WHAT THE TASK ASKS:
The response should consist only of the lines from the one with "现批准《火灾自动报警系统施工" to the end of the data below, copied exactly and without pictures.

SUPPLIED INFORMATION:

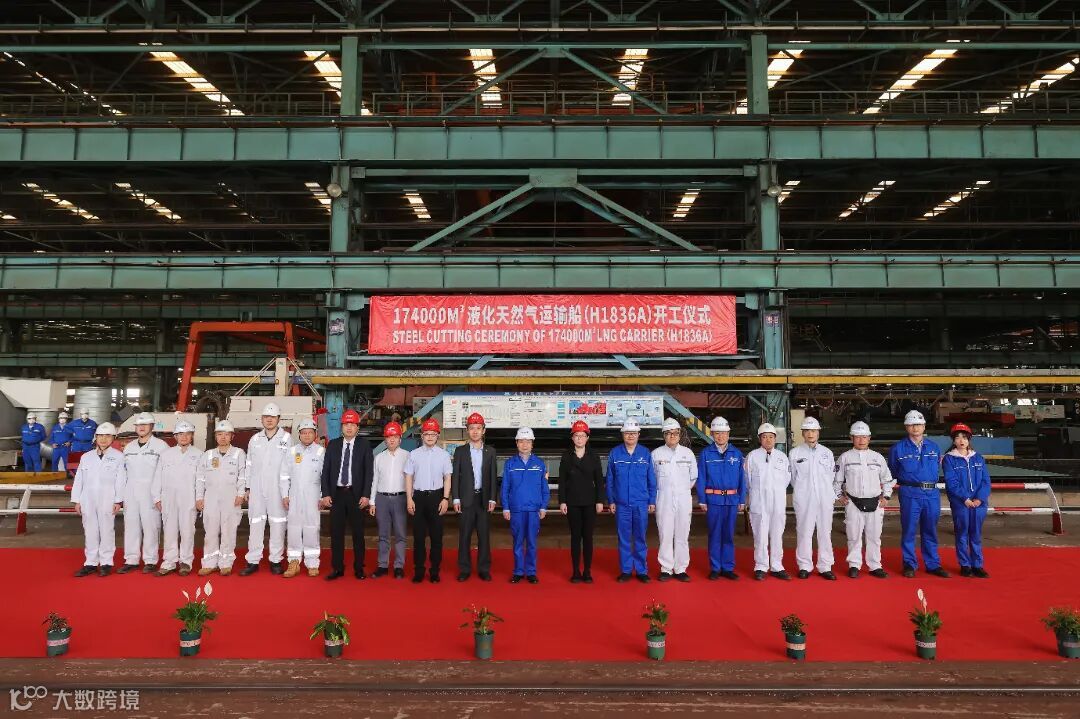4月17日下午,公司为中远海运中石油国事LNG项目建造的17.4万方LNG运输船H1836A在长兴造船基地开工。中石油国事代表王治森、柯文思,上海中远海运液化天然气投资有限公司总经理林楠,英国劳氏船级社中国东区经理朱海鲲,中国船级社项目经理章悦,公司总经理陈军、LNG总建造师何江华、营销总监沈宁等出席仪式。
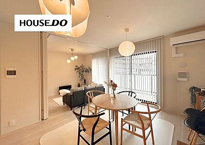 大きな窓から明るい陽射しが差し込むリビングダイニング。開放的な空間設計で、家族みんながくつろげる住まいです◎バーチカルブラインドも付いてきます!※売主様の家具付き写真
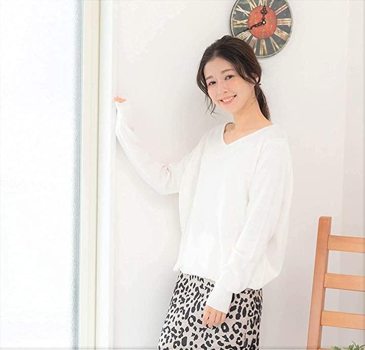 ・無地で程よく開いたVネックニットにはネックレスやブレスレットも映えます*きれいめ秋色カラーとちょっと長めのセミロング丈が、体型カバーしながら女性らしいスタイリングを1ランクUPし、秋冬コーデも簡単に。
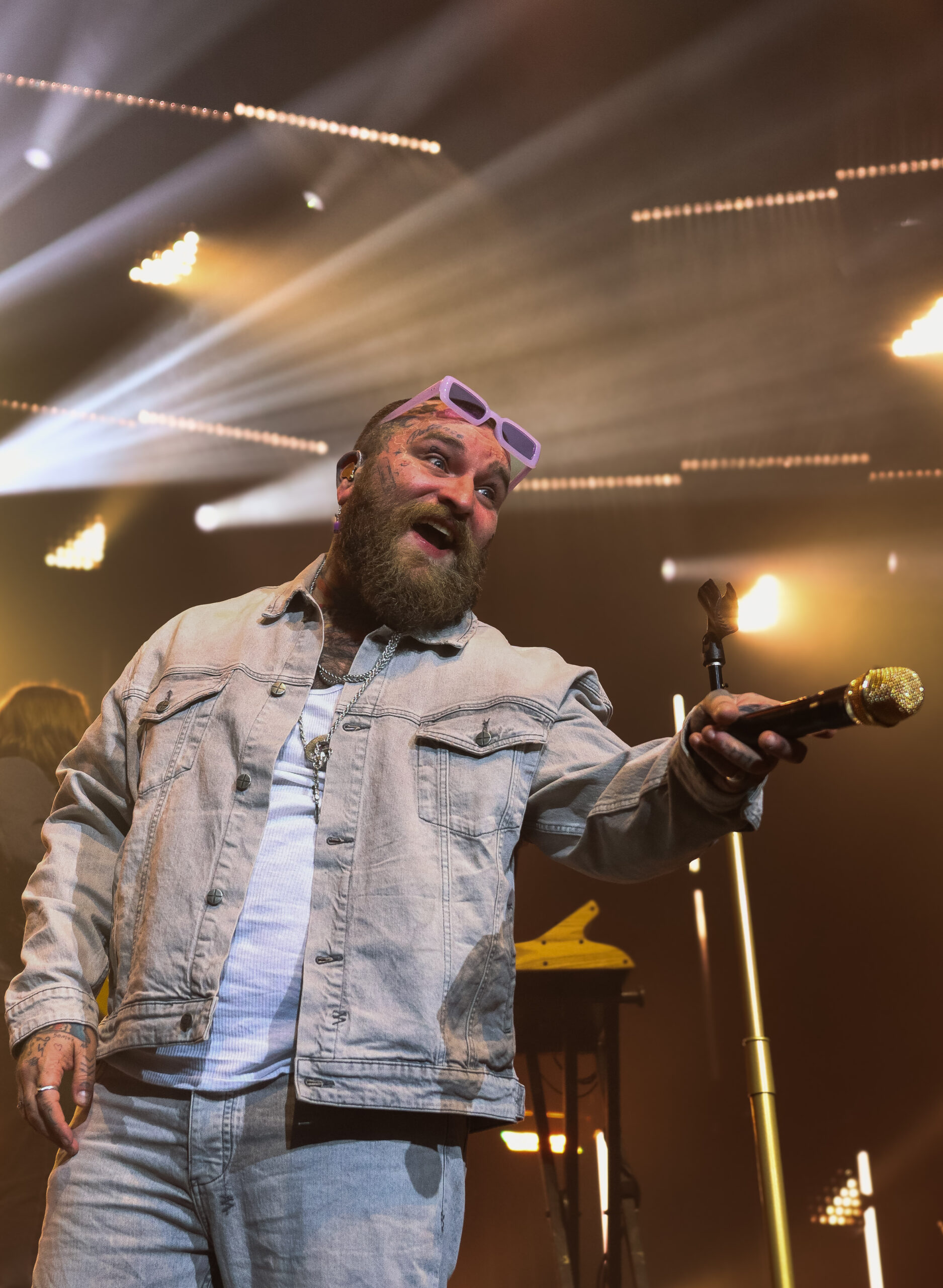 As the start time approached, anticipation built as the crowd began to eye the stage. The intro music played over the loudspeakers, signalling the entrance of Freaky Feely, the band that set the tone with a live intro. Suddenly, a figure donning purple glasses and double denim emerged from the side stage. Teddy Swims waved to the audience and kicked off the night with “Goodbyes Been Good To You.” From the first moment, he commanded the stage with his animated expressions, powerhouse voice, and playful demeanour. Teddy is a natural performer, seamlessly translating his online persona to his live show, chatting with the crowd during song intermissions and showcasing his down-to-earth, humble nature.
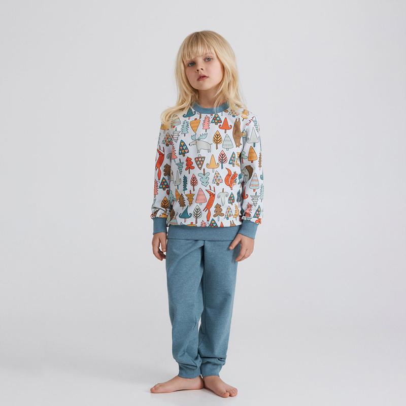 Домашний комплект для девочки от украинского бренда Ellen. В комплект входит принтованная футболка с длинным рукавом и однотонные брюки. Верх состоит из хлопка с добавлением эластана, а низ из хлопка с полиэстром и эластаном. Рукава и штанины на манжетах. Состав: 95% хлопок, 5% эластан/52% хлопок, 42% полиэстр, 6% эластан
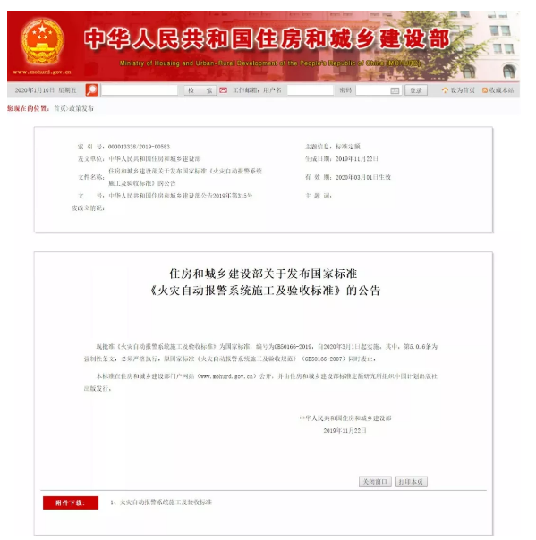 现批准《火灾自动报警系统施工及验收标准》为国家标准,编号为GB50166-2019,自2020年3月1日起实施。其中,第5.0.6条为强制性条文,必须严格执行。原国家标准《火灾自动报警系统施工及验收规范》(GB50166-2007)同时废止。
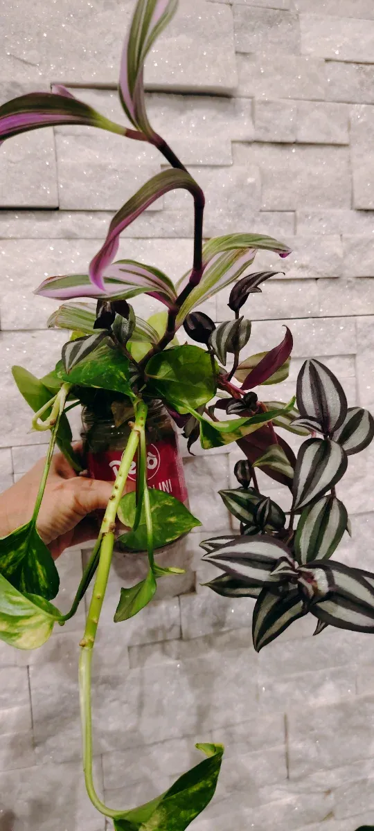Piante miste da interno, ideali per decorare la casa. - Pianta con foglie verdi e striature rosa. - Pianta con foglie verdi e bianche. - Pianta con foglie verdi e viola.
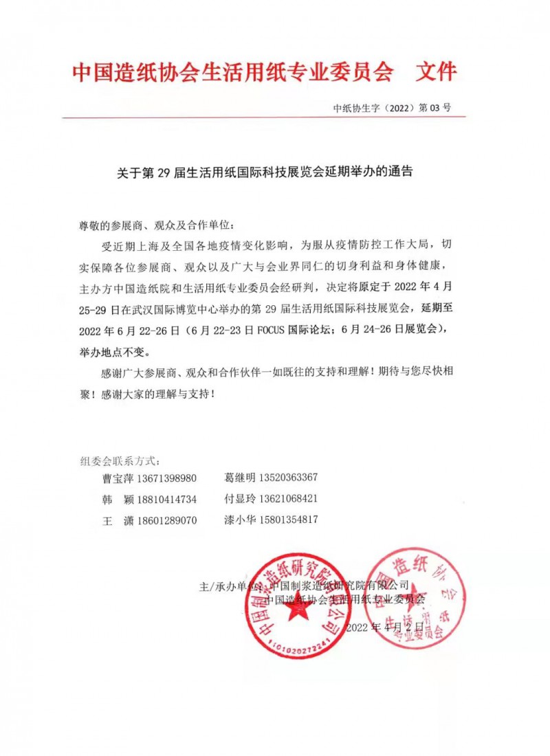 关于第29届生活用纸国际科技展览会延期举办的通告
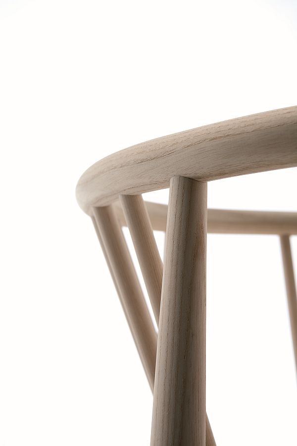 - Eschenholzrahmen mit aufrechter Sitzfläche.

TASK OUTPUT:
 现批准《火灾自动报警系统施工及验收标准》为国家标准,编号为GB50166-2019,自2020年3月1日起实施。其中,第5.0.6条为强制性条文,必须严格执行。原国家标准《火灾自动报警系统施工及验收规范》(GB50166-2007)同时废止。
Piante miste da interno, ideali per decorare la casa. - Pianta con foglie verdi e striature rosa. - Pianta con foglie verdi e bianche. - Pianta con foglie verdi e viola.
 关于第29届生活用纸国际科技展览会延期举办的通告
 - Eschenholzrahmen mit aufrechter Sitzfläche.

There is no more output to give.